I do hope they are going to open the archives and releasing al his opera performances on DVD:tiphat:


----------



## ArtMusic (Jan 5, 2013)

I love the traditional staging of The Met and his baton conducting.


----------



## poconoron (Oct 26, 2011)

He was (and is) a great one, no doubt.


----------



## SalieriIsInnocent (Feb 28, 2008)

He for a long time was my go to opera conductor. If I saw his name on the CD or DVD, that was enough. His Holst Planets is still my favorite recording of the piece. His Le Nozze Di Figaro with Ferruccio Furlanetto and Don Giovanni with Samuel Ramey from the the early 90s are my favorite performances of those pieces.


----------



## Strange Magic (Sep 14, 2015)

Levine and the Met orchestra did a wonderful _Eroica_ on CD, backed up with the Schubert 8th.


----------



## ArtMusic (Jan 5, 2013)

His Verdi operas were very good. As were his Mozart operas.


----------



## Kenneth (Apr 13, 2016)

I am now revisiting his Der Ring Des Nibelungen with Ludwig, Jerusalem, Morris. I found the stage superb, not to mention the emotions his Die Walküre Act III provokes.

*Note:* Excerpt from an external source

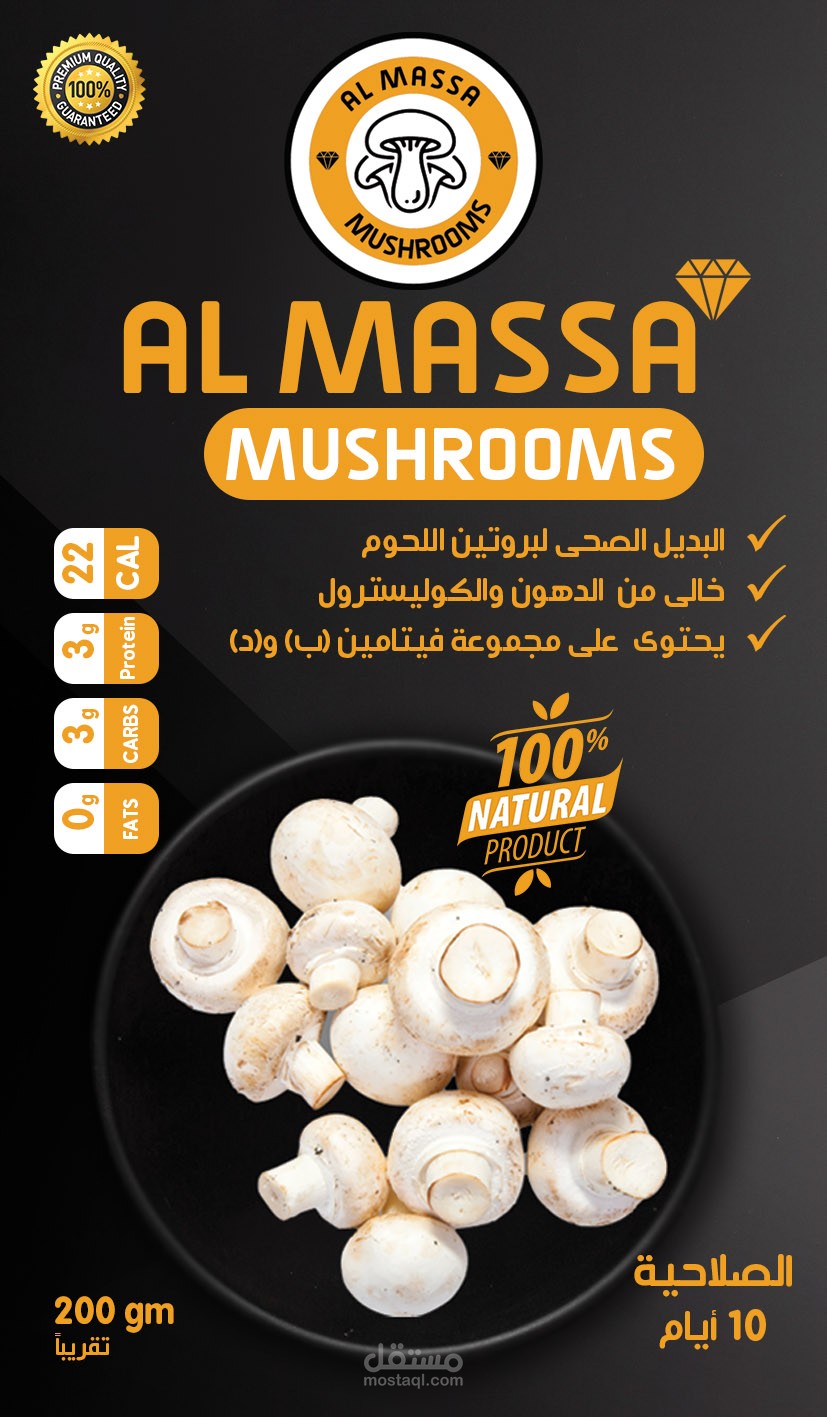 ملصق تجارى لشركة الماسة لزراعة وتجارة الماشروم

His Siegfried cannot be left behind, so his Das Rheingold.

His Mahler and, as SalieriIsInnocent said, his Holst's The Planet is worth mentioning as well.


----------



## Pugg (Aug 8, 2014)

Kenneth said:


> I am now revisiting his Der Ring Des Nibelungen with Ludwig, Jerusalem, Morris. I found the stage superb, not to mention the emotions his Die Walküre Act III provokes. His Siegfried cannot be left behind, so his Das Rheingold.
> 
> His Mahler and, as SalieriIsInnocent said, his Holst's The Planet is worth mentioning as well.


His first ring is a visual monument for a long time to come :tiphat:


----------



## AndorFoldes (Aug 25, 2012)

Don't forget hos Schumann with the BPO and his Tchaikovsky ballet suites.


----------



## znapschatz (Feb 28, 2016)

Kenneth said:


> I am now revisiting his Der Ring Des Nibelungen with Ludwig, Jerusalem, Morris. I found the stage superb, not to mention the emotions his Die Walküre Act III provokes. His Siegfried cannot be left behind, so his Das Rheingold.
> 
> His Mahler and, as SalieriIsInnocent said, his Holst's The Planet is worth mentioning as well.


One of my favorite Rings, along with Chereau/Boulez.


----------